秋桑心想应该是这里了,但又疑心有诈,就把伤患留在板车上,自己则握着枪,半猫着身体去叩门。
“门开着,是病人的话请进来。”屋里传来的声音轻轻柔柔,像是溪流潺潺流淌。
秋桑谨慎地将门推开一缝,侧身走入,站在门边打量着屋内。说话的人正坐在一张摇椅上,眼上架着一副墨镜。
那人说道:“是你病了吗?”秋桑疑心此人是瞎子,因为他说话时并不看向自己。
秋桑说道:“不,是我的朋友。”他的手依旧搭在枪上,心中一阵失望,虽说他本不期望能在这里找到什么名医,但这样一个年纪轻轻的瞎子却也太难让人信服。
不料那人继续说道:“如果是看病的话,怎么还带着枪?这样的礼物可是太贵重了。”
秋桑心底一惊,面上却仍是淡淡说道:“抱歉,我这人疑心太重。医生是你吗?”
墨镜男子自嘲笑笑道:“若我这个瞎子说自己是医生,先生你也不会信吧。别担心,医生现在出门去了,但稍等片刻他就回来了。病人若是在外面就请扶着进来吧,被这样的太阳一晒,病情可就更重了。”
秋桑闻言便扶着阿森进了屋,又抽空打量起椅子上的盲眼男子。这是颇为清俊的一张脸,乌黑的半卷发衬得肤色愈加白,又隐约透出些瓷器似的柔光。墨镜遮住了上半张脸,唯有眉头似皱非皱,是欲说还休的浅愁。平心而论,这是一张惹人怜爱的脸,不过秋桑还是更偏好于阿森这种眉宇之间带有锐利野性的长相。
秋桑问道:“医生是你朋友吗?”
盲眼男子一低头,颇为甜蜜地笑道:“大概比朋友更亲密些。”
两人说话时,阿森正靠坐在门边,漠不关心地望着屋外翻滚的沙海出神,他是那种将自己看得很低的人,仿佛觉得每多活一刻都像是恩赐。一个沉默寡言的人的好处是他垂死时和平日里也没多少区别。伤口依旧不见好转,阿森倒是依旧每日睡觉走神一言不发,精神稍好时甚至帮编织绳子整理房屋,感谢他们的收留之恩。

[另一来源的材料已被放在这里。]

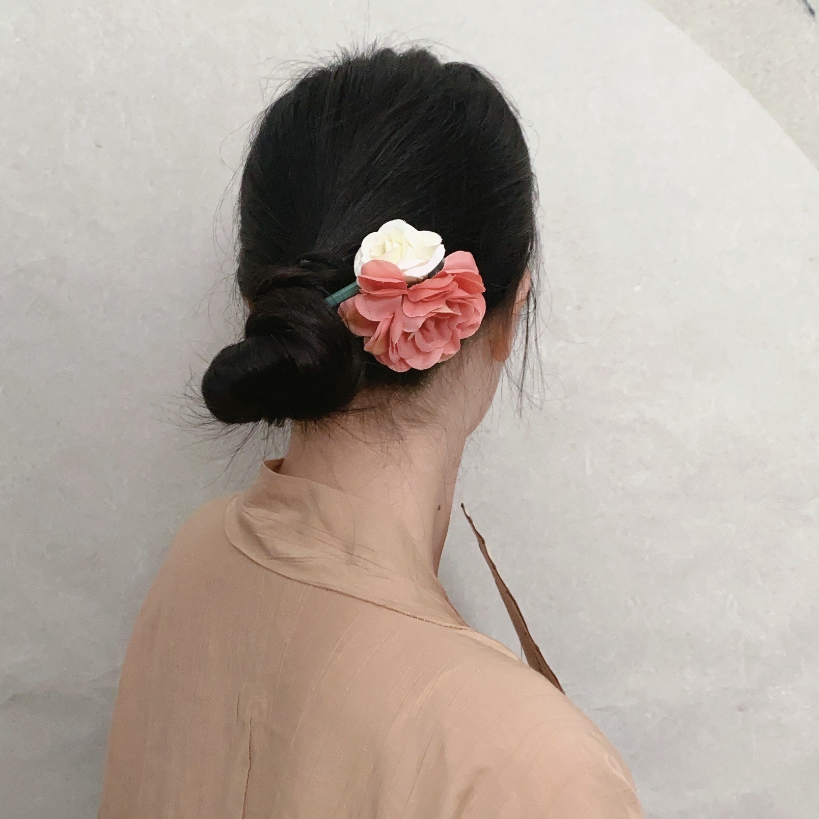 • 핑크와 화이트 꽃 머리핀 T0967D

他是那种有恩必报的人,却又习惯于将所有情绪收敛,装出一副疏离冷淡的姿态,也算是流浪动物的戒备了。
思绪至此,秋桑故意突然笑出声,自然引得盲眼男子不解地问道:“你为什么突然之间在笑?”
秋桑别有深意地瞥了阿森一眼,说道:“没什么,我只是觉得披着羊皮的狼很常见,却没想到还能见到披着狼皮的流浪犬。”
这时一个穿斗篷戴兜帽的瘦高身影大步跨入屋内,来者虽见到了访客,却只是绕过两人直接走向了椅子上的男子,柔声道:“亲爱的,有想我吗?”
汶君笑道:“你才走了一个上午,哪有这么快就想你,我可还有自己的事情要忙着。这里还有人里找你看病。”
医生笑道:“你竟然有什么事情比我更重要,这可不行。”
秋桑故意重重地咳嗽一声,打断道:“喂,还有人在这里呢,你们先别忙着恩恩爱爱甜甜蜜蜜黏黏糊糊的。”
医生不以为意,反倒转身上下打量了一番秋桑,玩味笑道:“但我看两位也不是什么干巴巴的仇敌关系啊。先生你是位总督吧?”
秋桑戒备道:“你怎么知道?”
医生笑道:“你的衣服是总督的制服,黑底金纹,但是你这位同伴可是个改造人,还带着奴隶的项圈。一个地位尊贵至高无上,一个身份卑微一文不值,结果尊贵的总督反而带着改造人奴隶来求医。不知两位是什么关系?”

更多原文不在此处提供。